KeyBERT is a minimal and easy-to-use keyword extraction technique that leverages BERT embeddings to create keywords and keyphrases that are most similar to a document.
About the Project¶
Although there are already many methods available for keyword generation (e.g., Rake, YAKE!, TF-IDF, etc.) I wanted to create a very basic, but powerful method for extracting keywords and keyphrases. This is where KeyBERT comes in! Which uses BERT-embeddings and simple cosine similarity to find the sub-phrases in a document that are the most similar to the document itself.
First, document embeddings are extracted with BERT to get a document-level representation. Then, word embeddings are extracted for N-gram words/phrases. Finally, we use cosine similarity to find the words/phrases that are the most similar to the document. The most similar words could then be identified as the words that best describe the entire document.

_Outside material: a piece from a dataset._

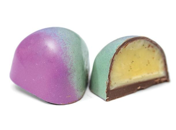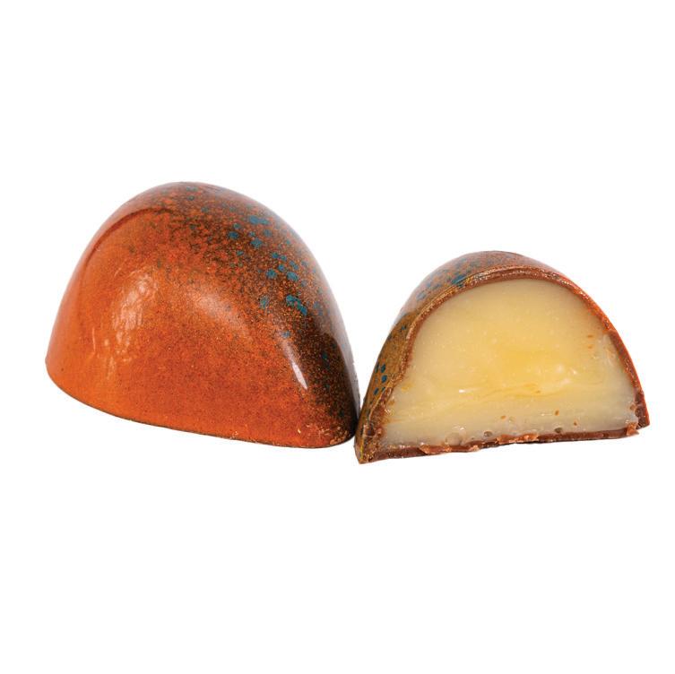 Milk chocolate shell with passion fruit juice infused butter caramel

KeyBERT is by no means unique and is created as a quick and easy method
for creating keywords and keyphrases. Although there are many great
papers and solutions out there that use BERT-embeddings
), I could not find a BERT-based solution that did not have to be trained from scratch and
could be used for beginners (correct me if I'm wrong!).
Thus, the goal was a
pip install keybert and at most 3 lines of code in usage.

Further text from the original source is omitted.